I have three sons. Two are present physically and one is waiting for me in Heaven and ever present in my heart. I can't quite pinpoint when it happened but sometime after July 19th a separation seemed to form. It wasn't until I posted this picture of Daniel and Andrew that I even realized it had happened. 
I have two sons. Two sons that share my time, photos, toys and food. Two sons that are continuing to grow up with one another. And then I have one son. One son whose images stop at 3.5 years. A son that I've seemed to tuck deeper into my heart and who occupies my solitary thoughts. 
Whether subconsciously or not, I have separated my thoughts into Jake&Andrew and Daniel. I could never forget my three men are brothers but I've failed myself in sharing that they are three brothers; whether it be on social media or in my day to day life. I don't know if that is part of a normal process; I do have to carry on and give the boys-and myself-a semblance of normalcy, or if I just successfully unlatched a part of my family.
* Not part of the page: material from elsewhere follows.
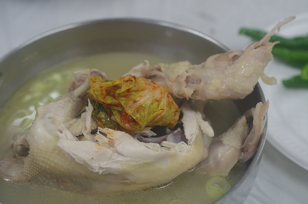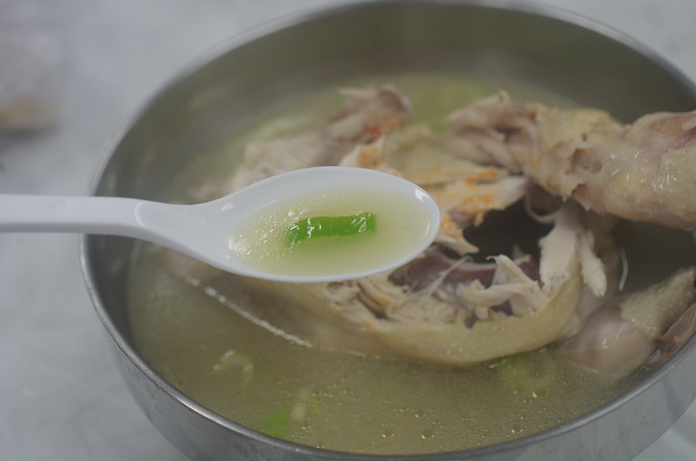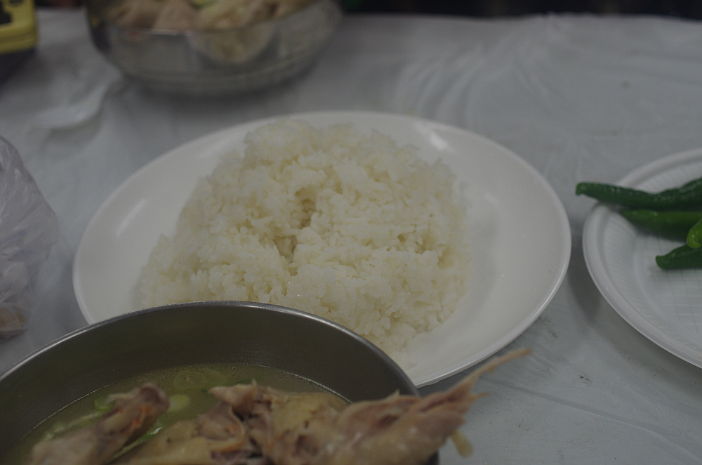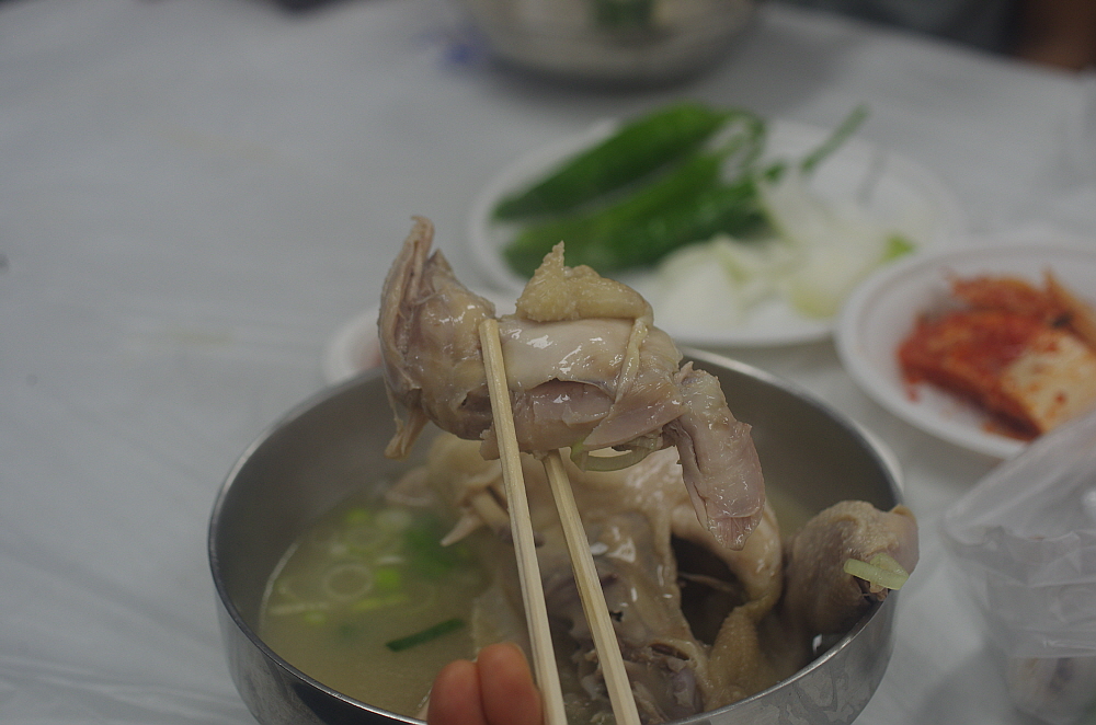 그런데 나온 닭고기를 보니 삼계탕이 아니라 닭백숙이었다. 보통 삼계탕은 인삼과 찰쌀을 닭 속에 넣고 끓여야 하는데 아마 사람도 많고, 손이 많이 가다보니 이렇게 그냥 닭만 끓인 모양이다. 그래도 작지 않은 닭 크기에 담백한 닭국물이 잘 어울리는 맛난 닭백숙이었다. 사실 삼계탕이 복날에 먹는 보양식이라고는 하지만 워낙 작은 닭을 사용하기 때문에 먹을 것은 별로 없다. 차라리 이렇게 덩치가 좀 있는 닭을 사용하여 고기도 먹고 국물도 먹고 나중에 밥도 말아 먹는 편이 더 현명한 일이지 모른다.

It isn't just Jake&Andrew and Daniel now, it will always be Daniel, Jake and Andrew and seeing my oldest and youngest next to one another ignited so much in me. 
I don't want this to be what's normal. I want to share their special bond. Jake and Daniel's two years together getting into mischief, having to vie for attention, their conversations. Daniel and Andrew's physical similarities, Daniel's gentle and loving actions towards his baby brother. Daniel, Jake and Andrew's first July 4th together, their first park adventure, sharing time in the car with one another, helping with bottles and diapers and squishing in together on the couch. Comparing one another at different stages like a mom is supposed to do {even if we say we don't; we do} and marveling at the differences. And I want to see pictures of them next to one another and not feel like I've placed them in different portions of my heart. If I don't make the change now, then I feel the memories that I have to share will fade away and the boys won't remember themselves as three. 
I cannot wait to really sit down and place pictures in my albums and start the process of constructing a book for each of the boys and their special relationship with one another. They need this. I need this.

Tuesday, January 8, 2013

Respite

This weekend Ryan and I did something we've never done before; we saw 2 movies back to back. A rarity to see a movie in itself, but to be able to view 2 was almost crazy! Despite the 1:00 (am!) ending and my moment of falling asleep, it was a fantastic night-especially since we shared it with my best bud, Rach.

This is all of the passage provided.